--- Given data Enclosed Below ---
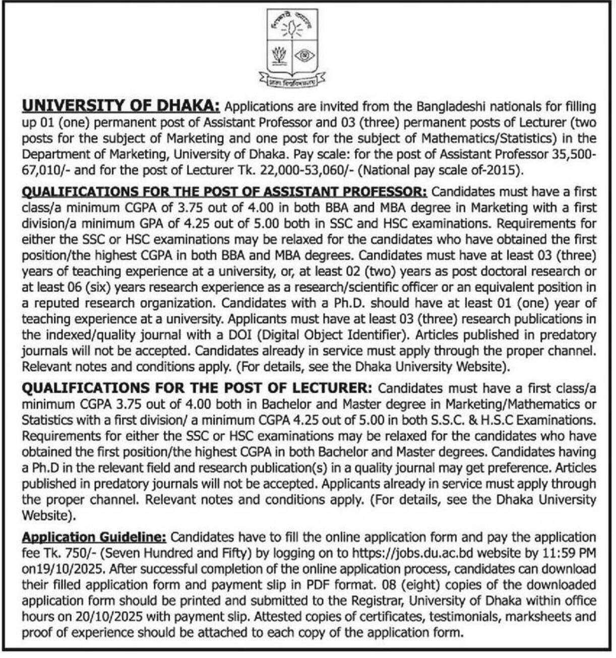 See/download Dhaka University Job Circular 2025, Job Apply Instruction, Job Application Form, Application Fee, Payment Process, Salary, Age, and Other Information from the images below:
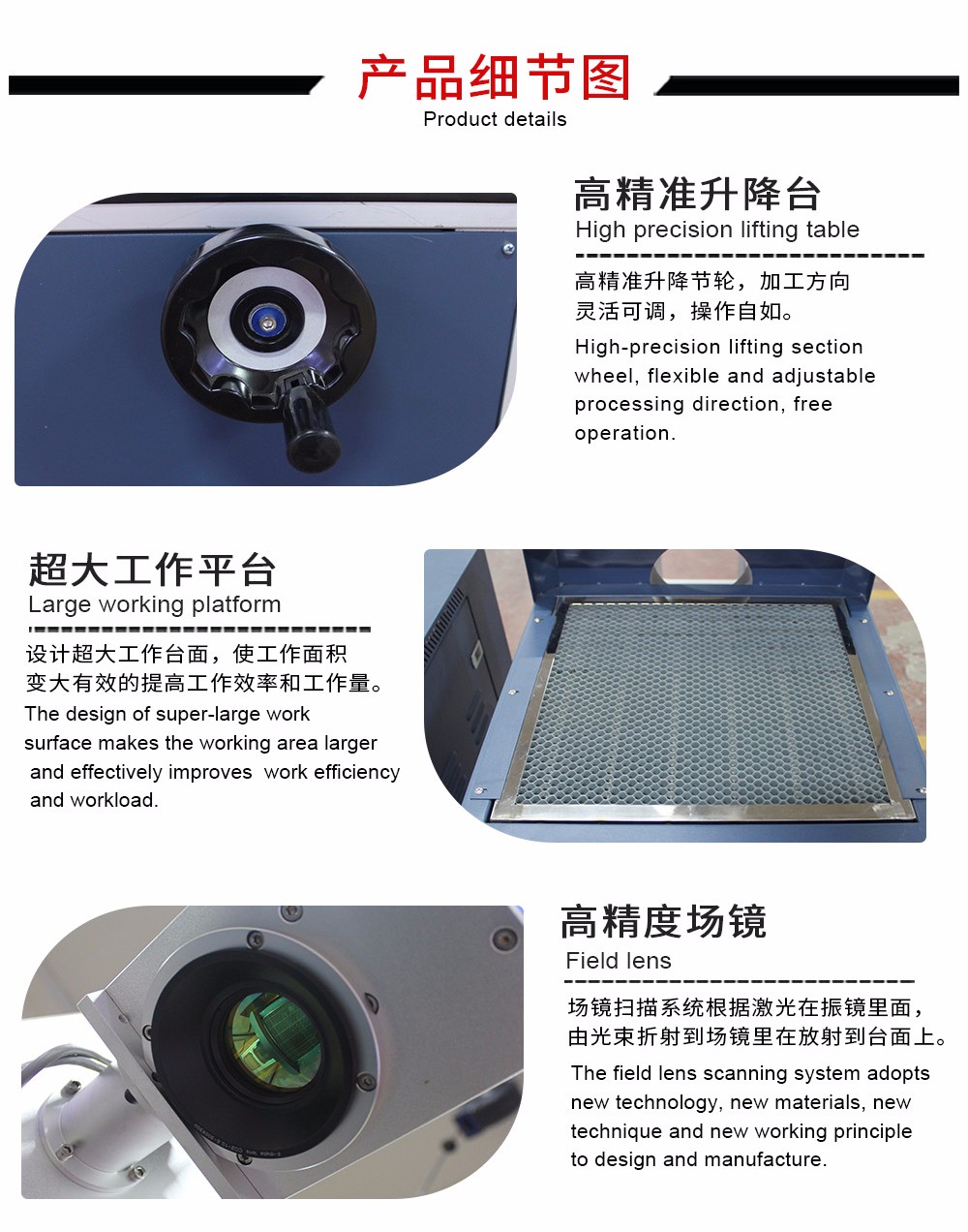 • Features of exhibits:
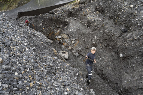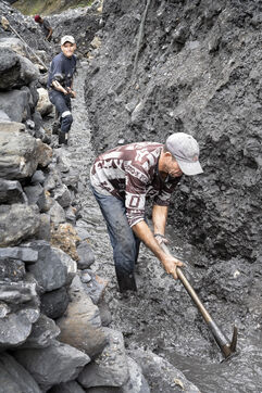 Dans les exploitations artisanales, le travail se fait à la pioche, à la pelle, à la barre à mine, parfois avec des explosifs et des marteaux piqueurs. Hommes et femmes creusent, s’enfoncent dans les montagnes, extraient et charrient des tonnes de schistes noirs à la recherche des veines de calcite plus claires où se logent les pierres précieuses.
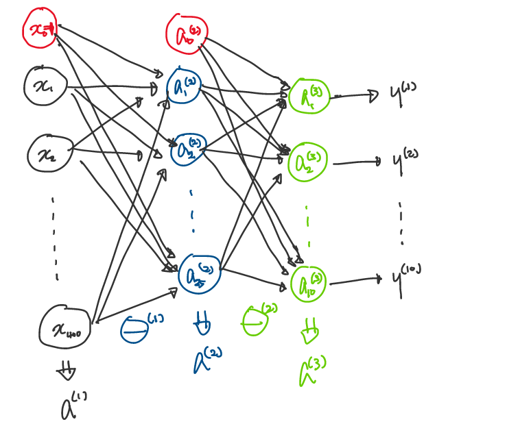 즉, \(\Theta^{(1)}\)은 25 x 401 matrix, \(\Theta^{(2)}\)는 10 x 26 matrix가 된다. Layer가 넘어갈 때마다 bias unit(\(a_0^{(j)} = 1\)이 추가되기 때문에 이전 단계 input 갯수에서 +1씩 된다.
--- End of Enclosed Given data ---
Your instructions:
With pictures excluded, the data must be transcribed in full and to the letter.

Output:
 See/download Dhaka University Job Circular 2025, Job Apply Instruction, Job Application Form, Application Fee, Payment Process, Salary, Age, and Other Information from the images below:
 • Features of exhibits:
 Dans les exploitations artisanales, le travail se fait à la pioche, à la pelle, à la barre à mine, parfois avec des explosifs et des marteaux piqueurs. Hommes et femmes creusent, s’enfoncent dans les montagnes, extraient et charrient des tonnes de schistes noirs à la recherche des veines de calcite plus claires où se logent les pierres précieuses.
 즉, \(\Theta^{(1)}\)은 25 x 401 matrix, \(\Theta^{(2)}\)는 10 x 26 matrix가 된다. Layer가 넘어갈 때마다 bias unit(\(a_0^{(j)} = 1\)이 추가되기 때문에 이전 단계 input 갯수에서 +1씩 된다.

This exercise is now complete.